井浦新、沖縄基地訪れ「恐怖と怒り」 米軍と闘った外交官を熱演

2017年8月3日 / 18:07

 スペシャルドラマ「返還交渉人-いつか、沖縄を取り戻す-」の試写会が3日、東京都内で行われ、出演者の井浦新、戸田菜穂が登壇した。

 沖縄返還をめぐりアメリカと闘った実在の外交官・千葉一夫をモデルとした物語。戦時中、海軍の通信士官だった千葉は、沖縄を圧倒的な武力で攻撃する米軍の無線を、ただ傍受することしかできなかった。戦後、外交官となった千葉は、妻の恵子(戸田)に「いつか、沖縄を取り戻す」と誓う。

 ドラマのオファーを受け「初めて千葉一夫さんのことを知った」という井浦。一歩も引かずにアメリカと激しい外交交渉を重ねる千葉の姿勢に「この国の仕事をする人のあるべき姿」を見たとし、「台本を読んだ当時は、このままの自分だと千葉さんの心をちゃんと演じ切ることはできない。自分自身、少しでも近づけるように全身全霊を懸けて向き合っていかなければ」と覚悟を決めたという。

 クランクイン前に沖縄の基地を実際に訪れたという井浦。「その時に感じたのは、戦闘機の爆音。ずっと体の中に音が残り続ける。思っていたよりも近い頭上を飛び立って、降りてくる時にはものすごい恐怖感もある。
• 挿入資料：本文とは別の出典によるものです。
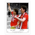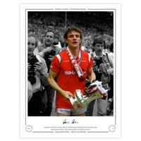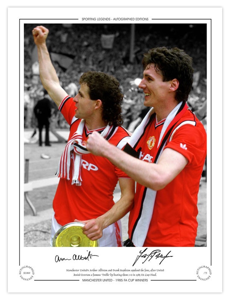 Autographed MAN UNITED 1985 Limited-Edition : A superbly produced Limited Edition print measuring 16 x 12, depicting FRANK STAPLETON and ARTHUR ALBISTON celebrating in front of supporters during a lap of honour following Manchester United's 1-0 victory over Everton in the 1985 FA Cup Final at Wembley, limited to just 75 editions it has been signed to the lower border in fine black marker.
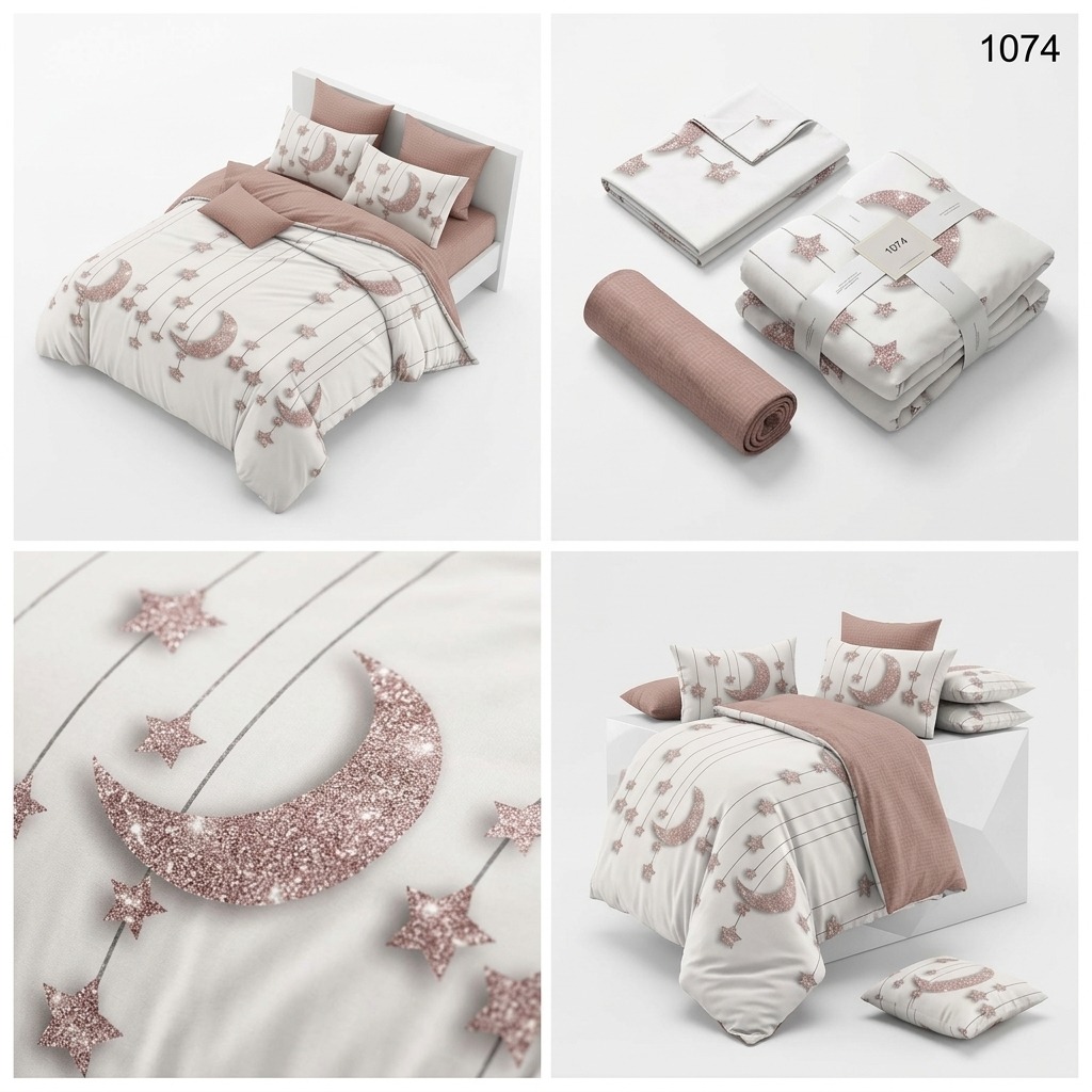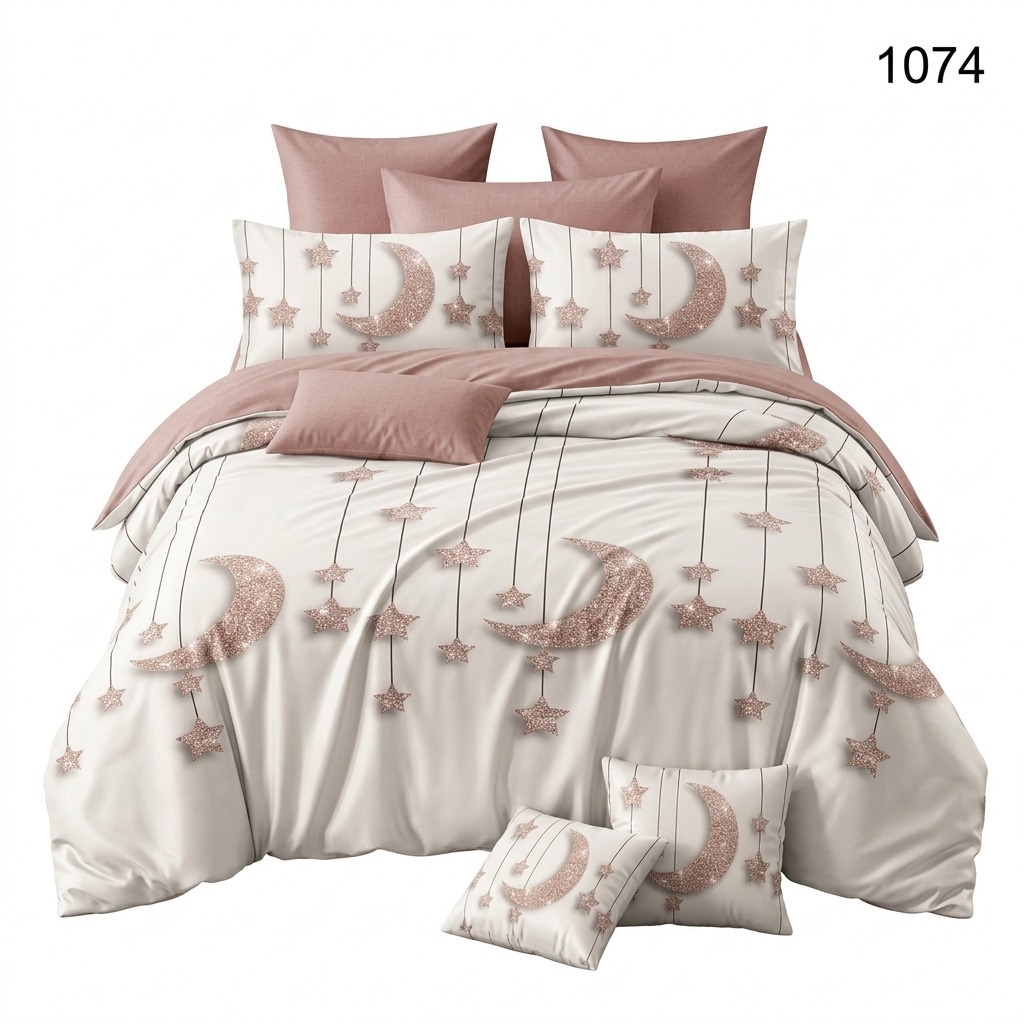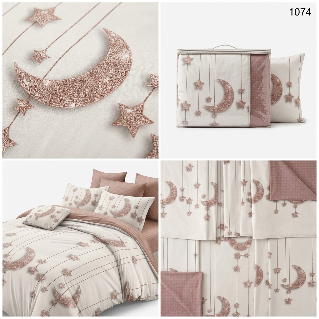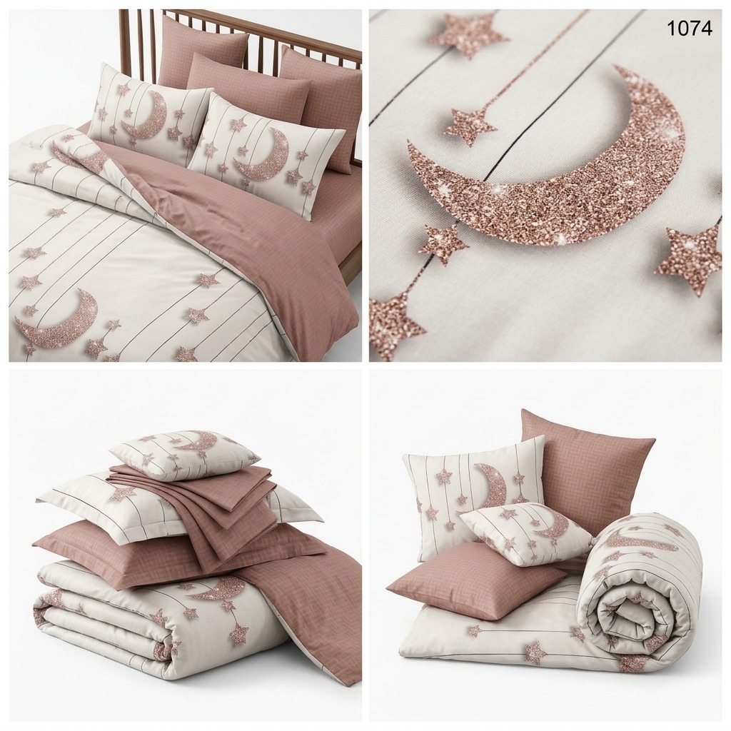 Estetica este dominată de un imprimeu cu lună și stele cu efect vizual de sclipici rose gold, suspendate pe un fundal luminos. Compoziția este echilibrată spectaculos de un cearșaf și fețe de pernă într-o nuanță caldă de roz prăfuit.
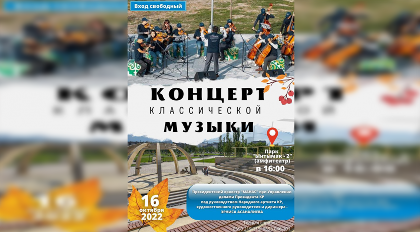 16-октябрда саат 16:00дө “Ынтымак-2” сейил багынын амфитеатрында КРсынын Президентинин Иш башкармалыгынын алдындагы “Манас” Президенттик оркестринин классикалык музыкасынын концерти өтөт.
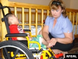 «Балаларды СПИД-тен қорғау» қорының президенті Жанетта Жазықбаева балалар үйіндегі науқас баламен. Шымкент, 22 мамыр, 2010 жыл.
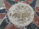 Далее от центра - еще один круг, оканчивающийся металлической полосой, на которой выбиты 3 изречения о времени: "Время - ткань, из которой состоит жизнь", "Время - движущееся подобие вечности", "Все настоящее - мгновение вечности". Что бы это значило?
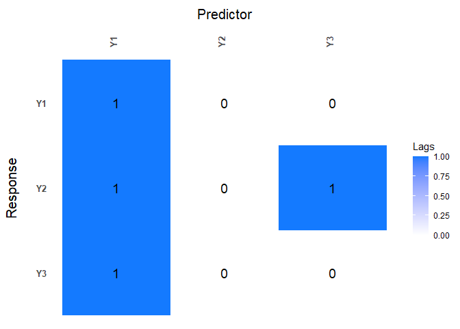 VARcv <- sparseVAR(Y = scale(Y), selection = "cv")
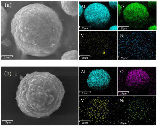 Under various conditions when using SFCC catalysts, vanadium may exist in different oxidation states (+5, +4 or +3), which depend on the reaction unit environment or the regeneration mode. Which oxidation state of vanadium is dominant depends largely on the catalyst distribution in the regenerator and on the mode of operation (partial or full combustion). According to previous studies, it is apparent that the poisonous effects of vanadium depend on its oxidation state: V3+ is harmless, V4+ is less harmful, and V5+ has an obvious destructive effect on zeolites [15]. Vanadium is first deposited on the surface of the FCC catalyst and then migrates to the inside of the particles. Therefore, vanadium is consistently distributed throughout the catalyst particles, and this can be ascribed to its mobility.
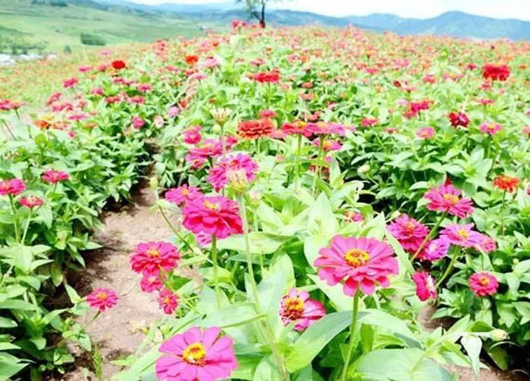 盛夏時(shí)節(jié)的日光山花海一望無垠,漫山遍野花團(tuán)錦簇。大片怒放的百日草爭奇斗艷,紅色、粉色、玫紅、橙色、黃色繽紛至極,芬芳迷人,美不勝收。穿花蛺蝶深深見,點(diǎn)水蜻蜓款款飛。在茵茵綠草和碧空的映襯下,這片花的海洋色彩斑斕,蝴蝶飛舞,令人陶醉!據(jù)了解,自日光山花海進(jìn)入盛花期以來,每天約有兩千至三千名游客慕名而來,一覽勝景。
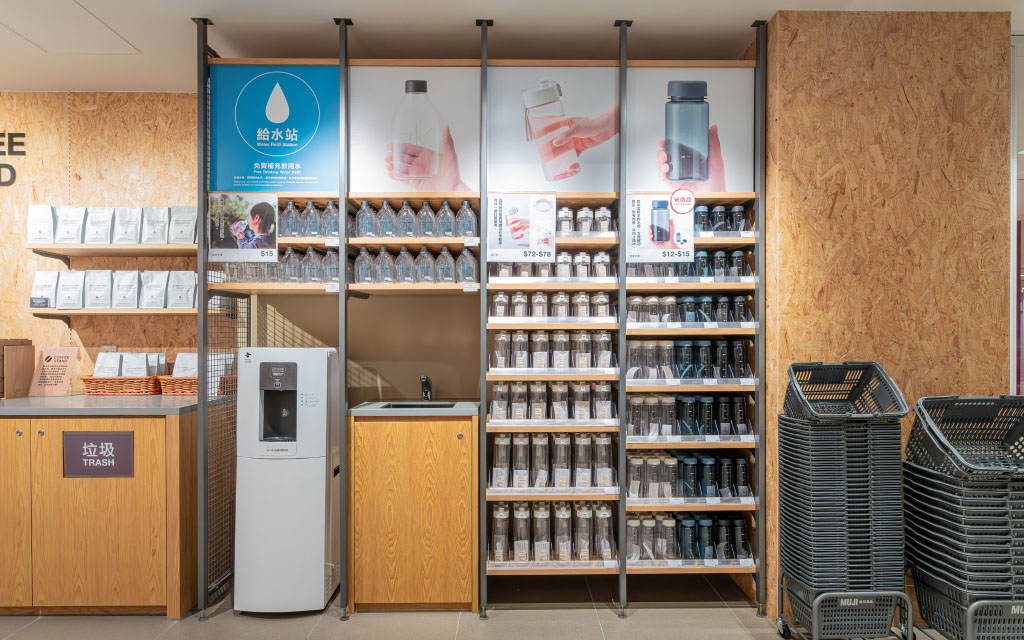 無印良品太古城中心店於店舖增設「給水站」,提供免費飲用水。顧客只需要自備水樽,便能夠隨時補充水分;同時店內亦設有多款水樽以供選購。透過減少使用即棄膠樽,從日常生活培養環保習慣。店內同時增設「COFFEE STAND」自助精品咖啡機服務,選用香港本地咖啡烘焙廠新鮮烘焙的精品咖啡豆,即時研磨製作多種冷熱飲品,散發醇郁芳香。
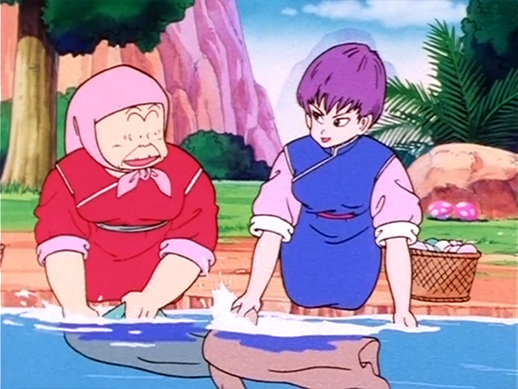 With Kamesennin's help, Goku goes to meet Mutaito and begins training under him. For the first part of his training, he is told to practice separating the water cascading down from a waterfall. During this training, Goku discovers a scarf belonging to Fan-Fan (she was doing laundry upstream) and returns it to her.

そこで感じた恐怖と怒りというのをずっと腹にため込んで、それを増幅させながらお芝居に挑みました」と役作りを振り返った。

 一方で、現場では戸田をはじめ、佐野史郎、大杉漣、石橋蓮司など先輩との共演もあり「学びのある素晴らしい時間を過ごさせていただいた」としみじみ。演じる上では「僕が千葉さんから感じ取った躍動する生命感」を一番大事にしたといい「一人でも多くの方にこの時代のことを知っていただきたい。僕も(この問題は)終わってはいない、忘れてはいけないと思いました」と言葉に力を込めた。

 妻役を演じた戸田は「顔合わせで井浦さんに初めてお会いしたのですが、容貌からあの眼鏡でいらして…。写真で見ていた千葉さんご本人のようで、すごい気合いを感じました」。撮影中は、井浦の熱量を受けながらの芝居に徹したとし「一生懸命、がむしゃらに一つのことに取り組む男の人の姿は胸を打つ、すてきだなと思いました」と振り返った。

 ドラマは8月12日、BSプレミアムで午後9時から放送。